Аксиома III. Если P есть класс предметов а, а также Q есть класс предметов а, то P есть Q.

Аксиома IV. Если некоторый предмет есть а, то некоторый предмет есть класс предметов а.

Из многих аксиоматик Мереологии, увидевших свет на протяжении 1916-1930 гг. ни одна не оказалась формализованной, как кажется, по причине разнородности используемых модусов терминов в "единичных предложениях" вида <"A" есть b. >. Именно по этой причине для достижения цели Мереологии, т.е. представления термина для субъекта номинального суждения в функции употребления его приходится перемещать на место сказуемого с использованием указанного выше приема актуализации.
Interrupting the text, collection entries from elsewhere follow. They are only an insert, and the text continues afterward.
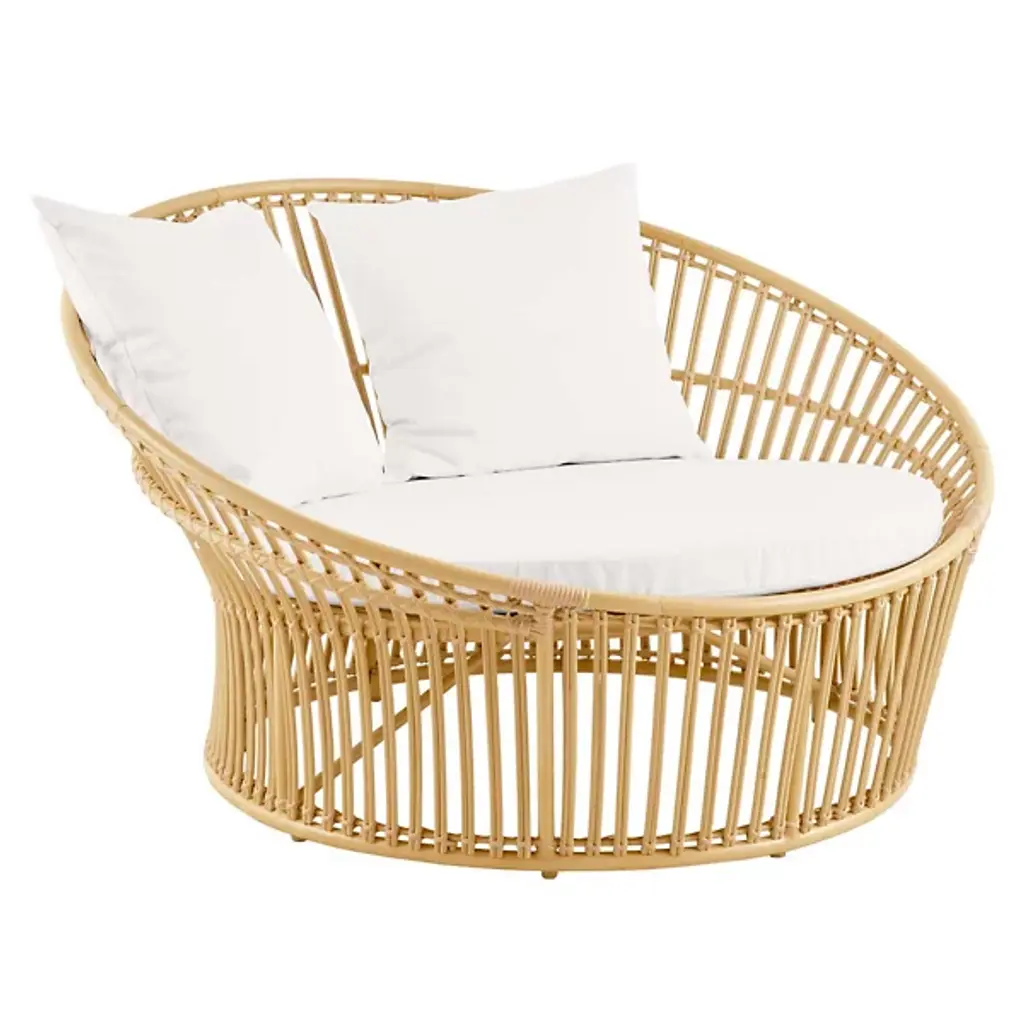 With an artful open weave in a light bamboo finish, our all-weather wicker Lenco outdoor sofa has us dreaming of our very own glamorous lanai. Featuring a plush, deep seat cushion that inspires cozy relaxing, its charming versatility makes it the darling of patios and decks. Ready to customize with our selection of indoor-outdoor pillows, its rust-resistant aluminum frame looks and feels stylish even in hot and humid climates.
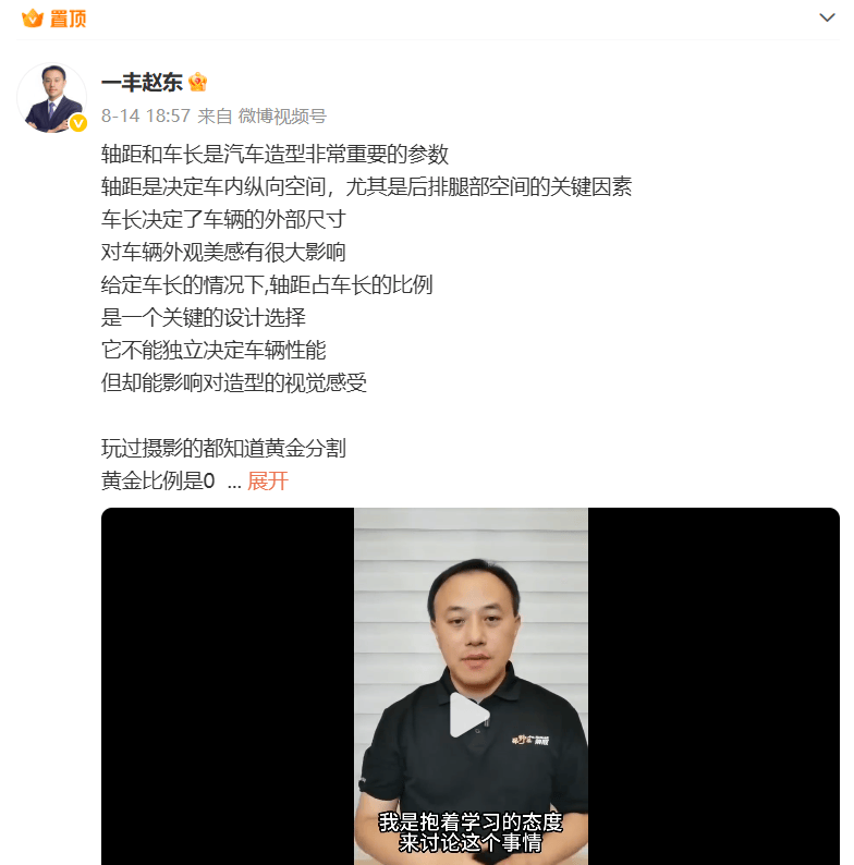 8月15日,一汽丰田汽车销售有限公司企划部部长赵东在置顶微博视频中态度转变:“我之前说轮轴比、轮高比这些参数是小米定义的,有人拿我的话攻击小米夸大宣传,这不是我的本意。”
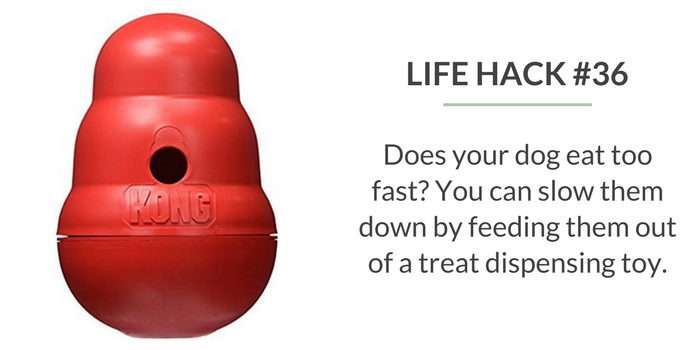If your dog eats too fast use a food dispensing toy (we love the Kong Wobbler & Bob a Lot), or place a few tennis balls in their bowl to slow their eating. Not only does this keep them from eating too quick, it gives them a nice mental workout.
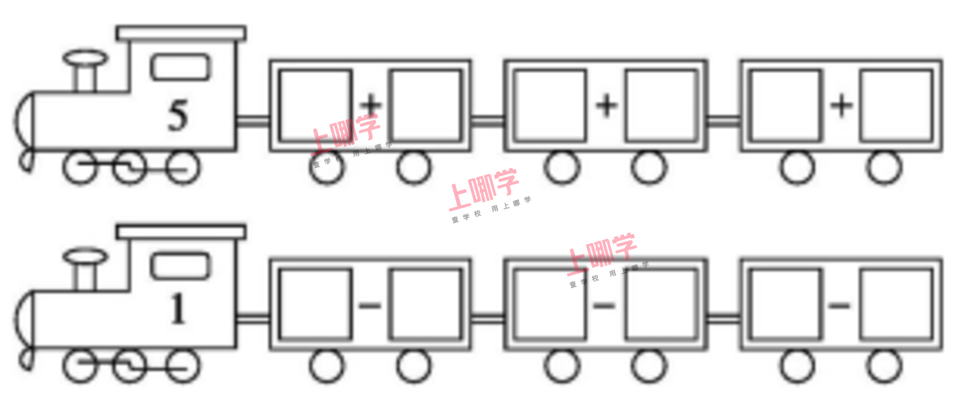 3. 把0、1、2、3、4、5填在□里,每个数只用一次,使算式的得数和车头上的数相等。(12分)
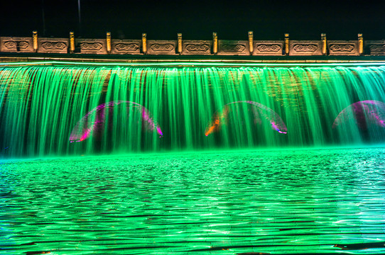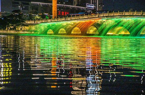 城楼上的灯光,九龙桥上喷水,护城河边的流光异彩,再加上五颜六色色彩斑斓的灯柱,简直是美轮美奂,好看极了!
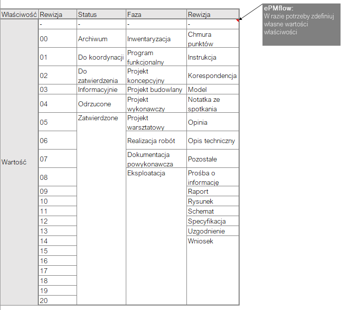 • wartości można skonfigurować pod własne potrzeby, np. rewizje możemy zamienić na literowe, statusy na zgodne z ISO 19650 itd.

Короче говоря, схема <"A" b. > неявно дополняется схемой <"A" a. > в виде формулировок, совершаемых по схеме "$ X(X есть а).[151] Однако легко видеть, что принятие Лесьневским обозначений подлежащего "А" и сказуемого "а" в последовательности переименований "не стыкуются". Более того, из прочтения работы, посвященной Мереологии может возникнуть впечатление, что в действительности "единичные предложения" должны записываться в виде < a есть "А">, т.е. что < a. > является элементом "А", столько в ней встречается записей вида "а есть b", "X есть Y" или словесных формулировок вроде "каждое а есть ингредиенс предмета P". Но следует отдать должное последовательной интуиции Лесьневского и все же отметить, что записи <a есть A> отыскать не удалось.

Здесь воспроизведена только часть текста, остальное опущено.